The core pyblock functionality is built upon numpy. However, it is more convenient to use the pandas-based wrapper around pyblock.blocking, not least because it makes working with multiple data sets more pleasant.

import pandas as pd
rand_data = pd.Series(rand_data)

rand_data.head()

 -0.294901
 -0.360847
 -0.386010
 -0.496183
 -0.625507
dtype: float64

(data_length, reblock_data, covariance) = pyblock.pd_utils.reblock(rand_data)

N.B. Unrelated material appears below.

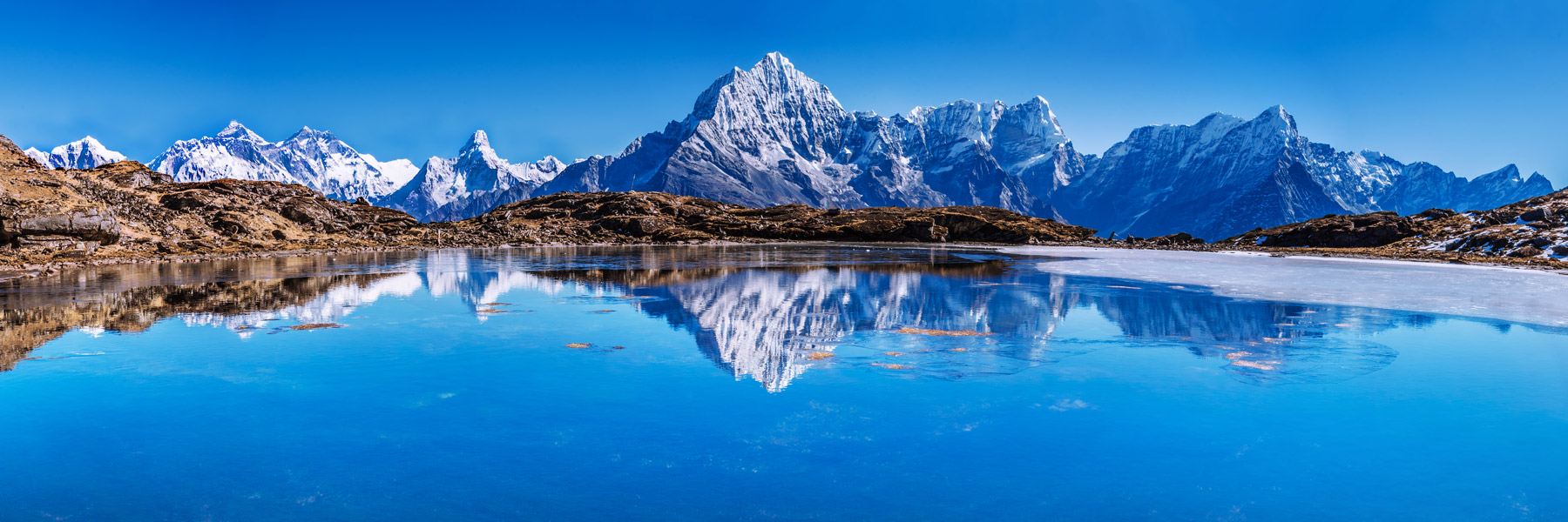 View across Kongde Lake to the Everest Group and more, Khumbu, Nepal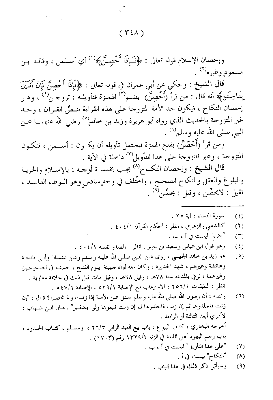 قال الشيخ: وحكى عن أبي عمران في قوله تعالى: {فَإذَا أُحْصِنَّ فَإنْ أَتَيْنَ بِفَاحِشَةٍ} أنه قال: من قرأ (أحصن) بضم الهمزة فتأويله: تزوجن، وهو إحصان النكاح، فيكون حد الأمة المتزوجة على هذه القراءة بنصِّ القرآن، وحد غير المتزوجة بالحديث الذي رواه أبو هريرة وزيد بن خالدٍ رضي الله عنهما وعن النبي صلى الله عليه وسلم.

# number of data points at each reblock iteration
data_length

reblock
        65536
        32768
        16384
         8192
         4096
         2048
         1024
          512
          256
          128
          64
          32
          16
           8
           4
           2
Name: data length, dtype: int64

# mean, standard error and estimate of the error in the standard error at each
# reblock iteration
# Note the suggested reblock iteration is already indicated.
# pyblock names the data series 'data' if no name is provided in the
pandas.Series/pandas.DataFrame.
reblock_data

	data
	mean	standard error	standard error error	optimal block
reblock
0	0.029729	0.003110	0.000009
1	0.029729	0.004381	0.000017
2	0.029729	0.006158	0.000034
3	0.029729	0.008610	0.000067
4	0.029729	0.011904	0.000132
5	0.029729	0.016000	0.000250
6	0.029729	0.020073	0.000444
7	0.029729	0.022357	0.000699
8	0.029729	0.024502	0.001085
9	0.029729	0.024447	0.001534
10	0.029729	0.026682	0.002377	<---
11	0.029729	0.028474	0.003616
12	0.029729	0.028093	0.005129
13	0.029729	0.029124	0.007784
14	0.029729	0.037327	0.015238
15	0.029729	0.058877	0.041632

16 rows × 4 columns

# Covariance matrix is not so relevant for a single data set.
covariance

		data
reblock
0	data	0.633775
1	data	0.628821
2	data	0.621329
3	data	0.607226
4	data	0.580408
5	data	0.524293
6	data	0.412601
7	data	0.255911
8	data	0.153693
9	data	0.076498
10	data	0.045564
11	data	0.025945
12	data	0.012628
13	data	0.006786
14	data	0.005573
15	data	0.006933

16 rows × 1 columns

We can also plot the convergence of the standard error estimate and obtain a summary of the suggested data to quote:

pyblock.plot.plot_reblocking(reblock_data);

The standard error clearly converges to ~0.022. The suggested reblock iteration (which uses a slightly conservative formula) is indicated by the arrow on the plot.

pyblock.pd_utils.reblock_summary(reblock_data)

	mean	standard error	standard error error
data	0.02972941	0.02668203	0.002377024

1 rows × 3 columns

pyblock.error also contains simple error propogation functions for combining multiple noisy data sets and can handle multiple data sets at once (contained either within a numpy array using pyblock.blocking or within a pandas.DataFrame).